[Start of Attachment]

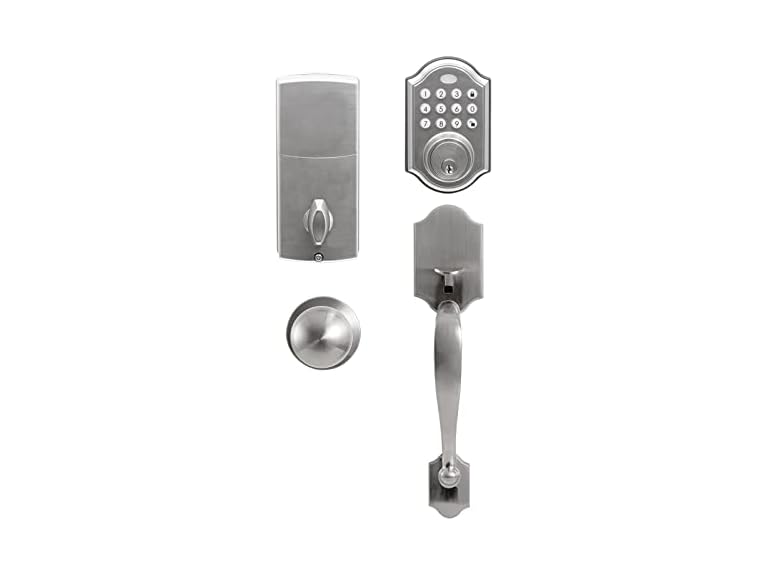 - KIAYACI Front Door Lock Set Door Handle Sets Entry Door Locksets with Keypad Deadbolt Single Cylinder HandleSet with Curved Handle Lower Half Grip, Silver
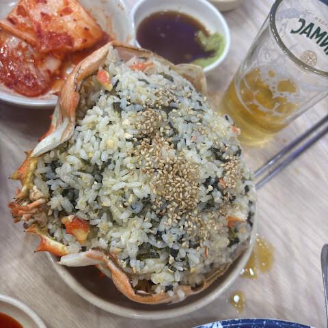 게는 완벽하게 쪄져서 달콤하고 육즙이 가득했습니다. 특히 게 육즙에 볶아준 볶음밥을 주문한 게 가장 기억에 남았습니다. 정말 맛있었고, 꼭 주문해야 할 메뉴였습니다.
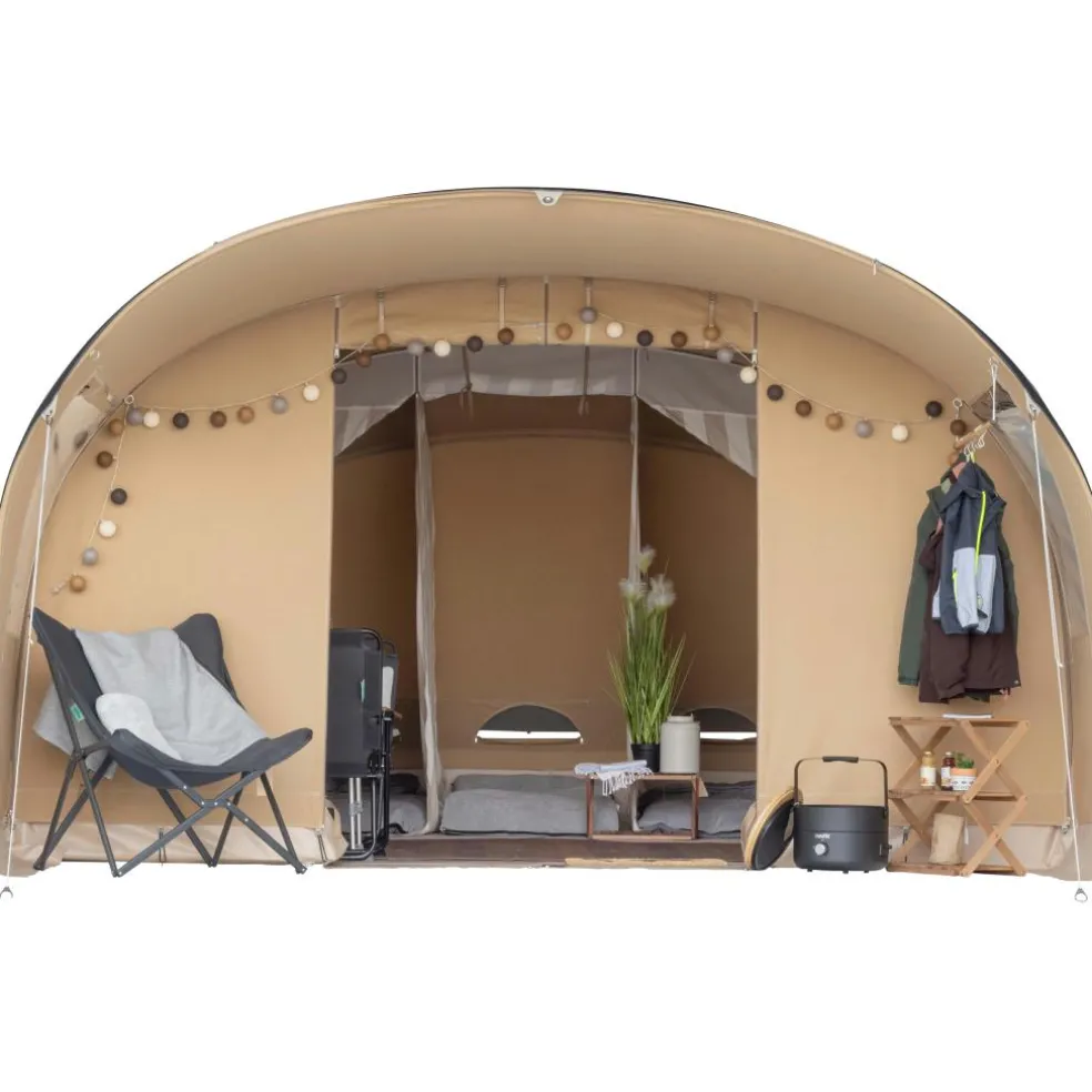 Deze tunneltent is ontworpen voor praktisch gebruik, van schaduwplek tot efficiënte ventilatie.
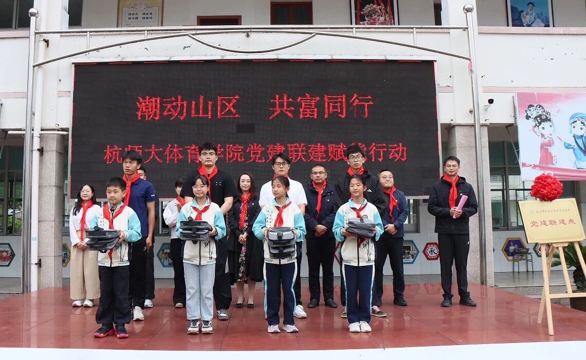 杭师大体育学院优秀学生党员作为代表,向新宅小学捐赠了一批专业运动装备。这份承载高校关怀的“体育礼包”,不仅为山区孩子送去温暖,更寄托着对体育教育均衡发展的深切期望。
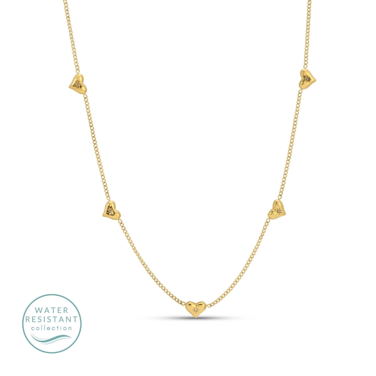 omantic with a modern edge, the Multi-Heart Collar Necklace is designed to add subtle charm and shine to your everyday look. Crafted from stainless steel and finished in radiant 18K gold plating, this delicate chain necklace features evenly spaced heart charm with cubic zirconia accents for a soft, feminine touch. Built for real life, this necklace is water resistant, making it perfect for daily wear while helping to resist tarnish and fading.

[End of Attachment]

_WHAT TO WORK ON_
Copy the listing exactly. Any image in it stays out of the copy.

_WRITTEN REPLY_
 - KIAYACI Front Door Lock Set Door Handle Sets Entry Door Locksets with Keypad Deadbolt Single Cylinder HandleSet with Curved Handle Lower Half Grip, Silver
 게는 완벽하게 쪄져서 달콤하고 육즙이 가득했습니다. 특히 게 육즙에 볶아준 볶음밥을 주문한 게 가장 기억에 남았습니다. 정말 맛있었고, 꼭 주문해야 할 메뉴였습니다.
 Deze tunneltent is ontworpen voor praktisch gebruik, van schaduwplek tot efficiënte ventilatie.
 杭师大体育学院优秀学生党员作为代表,向新宅小学捐赠了一批专业运动装备。这份承载高校关怀的“体育礼包”,不仅为山区孩子送去温暖,更寄托着对体育教育均衡发展的深切期望。
 omantic with a modern edge, the Multi-Heart Collar Necklace is designed to add subtle charm and shine to your everyday look. Crafted from stainless steel and finished in radiant 18K gold plating, this delicate chain necklace features evenly spaced heart charm with cubic zirconia accents for a soft, feminine touch. Built for real life, this necklace is water resistant, making it perfect for daily wear while helping to resist tarnish and fading.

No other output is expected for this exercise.